Yakusho stars as an ex-con, newly released from prison after murdering his adulterous wife. He opens a barbershop and finds solace caring for a pet eel, while shunning all human contact, including a beautiful woman (Misa Shimizu) he saves from suicide.
Cure (1997)
Yakusho has collaborated with Kiyoshi Kurosawa on numerous occasions, but none more hauntingly powerful than their debut effort, a masterpiece of unnerving psychological horror.
Yakusho plays a downtrodden detective investigating a series of gruesome murders connected by the similar mutilation of the victims, but seemingly committed by a different killer each time. His investigations ultimately lead him into a world of mind control and hypnotism.
Ambiguous and disorientating, Cure was one of the first films in the celebrated J-Horror wave, and despite the high-profile success of Ring and Audition, is widely considered one of the best films of the era.
13 Assassins (2010)
Since the earliest days of his career, Yakusho has played a procession of samurai and ronin on both the big and small screen, so it was little surprise that Takashi Miike cast him at the centre of this ambitious remake.
The Woodsman and the Rain (2011)
Yakusho’s incredible versatility is proudly displayed in Shuichi Okita’s sweet-natured, life-affirming comedy. It follows an inexperienced filmmaker (Shun Oguri) as he travels with his crew to a remote mountain location to shoot a zombie movie. The local community is initially bewildered by the project, none more so than Yakusho’s quiet, reclusive woodsman.
Over time, an unlikely father-son relationship develops between the two men as the ageing villager becomes increasingly involved in the production, which in turn inspires confidence in the fledgling director.
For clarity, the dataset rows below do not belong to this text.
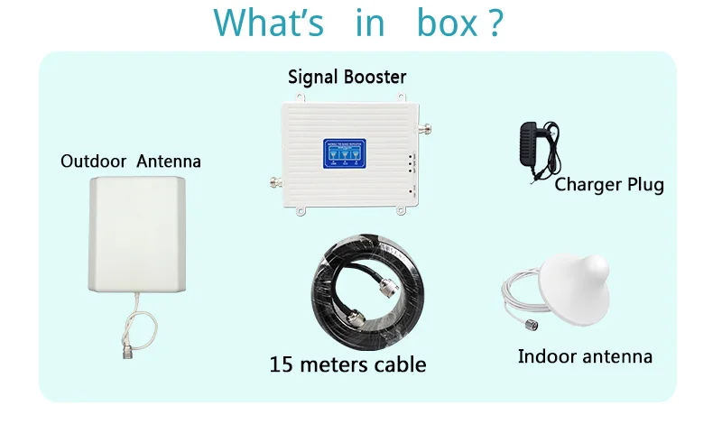 1. Интеллигентая (ый) ЖК-дисплей указать сигнала в режиме реального времени статус 2. Освещение: более чем 500sqm без преград 3. Подходят модели: GSM 2G 900 МГц (полоса 8)/ WCDMA 3G 2100 МГц полоса 1 / DCS 4G 1800 МГц (группа 3) 4. Отличный чехол, просты в установке 5. Весь набор товар с наружная антенна, Внутренняя антенна, 15 м кабель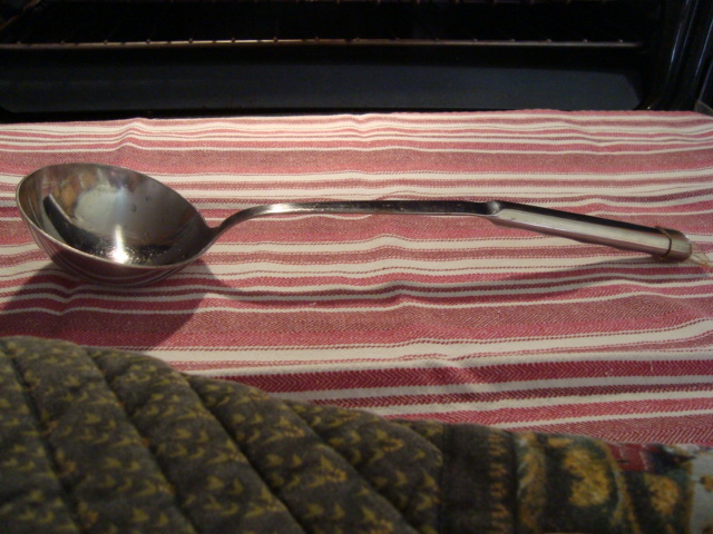 I needed to be able to reach back into my oven to pour water into my lava stone filled iron pans.  A 7" small for pre steaming and the extra large 12" iron pan filled with lava rock because with this size I can add more water for extra steam if needed.  I leave them in oven the whole time.  I steam from above because my 2 stones are made to cover the complete shelf and I leave both stones because I like room it gives for baking.  I took my ladle that holds just under a '1/2' cup of hot water and bent it so the handle became even with the cup.  Now I can easily reach far back and with an oven mit and without my hand or arm going into the oven itself and I don't have to worry about breaking blubs, oven glass 'it's still covered with a towel. I tried several pouring devices..this works great for me and was simple to make..I just bent the handle.  Now I have a very long reach with just a simple twist of my wrist to pour in the water.  I grab the towel off the oven glass door with my left hand and quickly shut the oven door with my right with ladle still in hand.
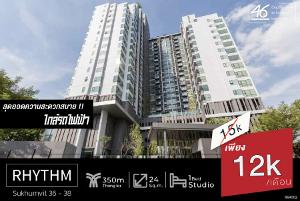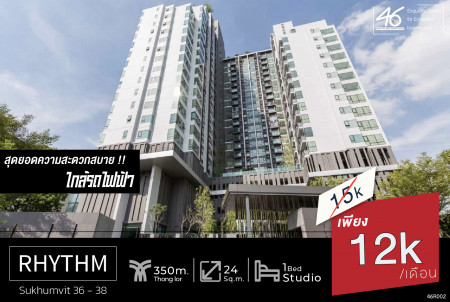 ให้เช่า คอนโด ราคาดีที่สุดในตึก RHYTHM สุขุมวิท 36-38 24 ตรม. ห้องชั้นสูง ได้วิวโล่ง ไม่บล๊อก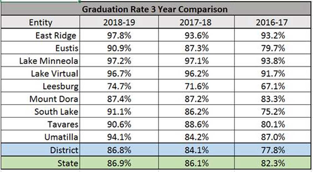 Lake’s increase is part of a statewide increase that state leaders touted with the release of the data. Gov. Ron DeSantis announced that Florida’s 2018-19 graduation rate rose to 86.9 percent, an increase of 0.8 percentage points over the previous year. “I applaud Florida’s students, parents and educators for their hard work and dedication that led to these increased graduation rates,” he said. “While these results are a positive mark of Florida’s upward progress, we cannot allow ourselves to become complacent. We must continue striving for educational excellence and making Florida the number one state in the nation for education.”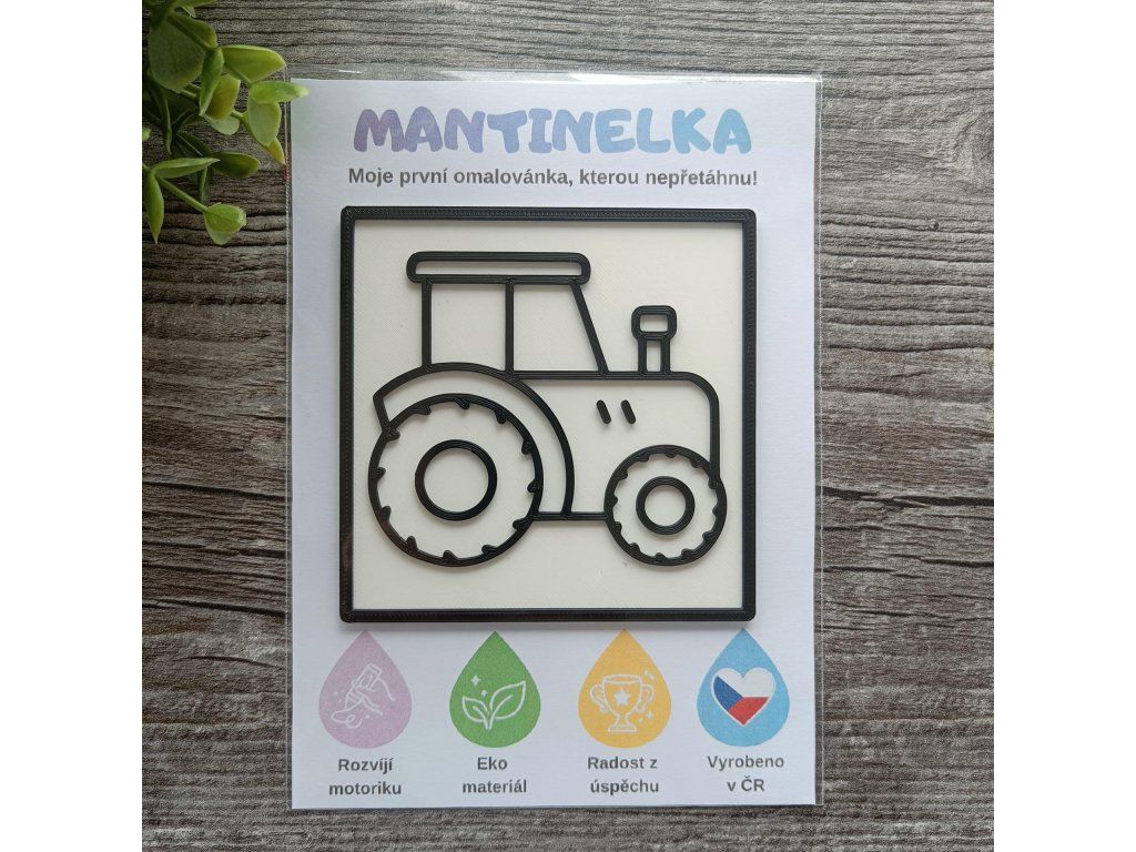 Mantinelka s motivem traktoru je ideální pro každého malého umělce. Díky vystouplým 3D konturám, které fyzicky brání přetahování, se děti mohou plně soustředit na radost z malování. Procvičuje trpělivost, jemnou motoriku a grafomotorické dovednosti.

It’s a perfect example of Japanese cinema’s trend for pitting urban modernity against the simple pleasures of traditional life.
The World of Kanako (2014)
Confessions director Tetsuya Nakashima weaves an audiovisual maelstrom of violence and debauchery into which he unleashes Yakusho’s drink- and drug-addled ex-cop, who in a ferocious display of unremitting savagery tears up the Tokyo underworld searching for his missing teenage daughter (Nana Komatsu).
Closer to John Ford’s The Searchers than Liam Neeson’s Taken series, The World of Kanako exposes its missing heroine to be not an innocent victim, but a malicious and malevolent terror, and the deeper her father digs into the dark recesses of her past, the more shocking the horrors he is forced to confront.
The Third Murder (2017)
Despite Misumi confessing to the crime, Masaharu Fukuyama’s defence lawyer soon finds inconsistencies in his testimony, and vows to set the record straight. A rare foray into genre territory for Koreeda, The Third Murder showcases a pair of impressive, multilayered performances, not least Yakusho, who brings compassion and complexity to his repeat offender.
The Blood of Wolves (2018)
In Kazuya Shiraishi’s brilliant throwback to the classic gangster thrillers of Kinji Fukasaku (Battles Without Honour and Humanity), Yakusho is once again on award-winning form as Ogami, a loose-cannon police detective in 1980s Hiroshima with dubious ties to the local yakuza.
Violently maintaining order in his community with precious little regard for the boundaries of the law, Ogami is tasked with investigating a missing persons case. He must also break in an idealistic new partner (Tori Matsuzaka), who is immediately disapproving of Ogami’s unorthodox and illegal methods. What unfolds is a hugely entertaining flourish of style and bravado.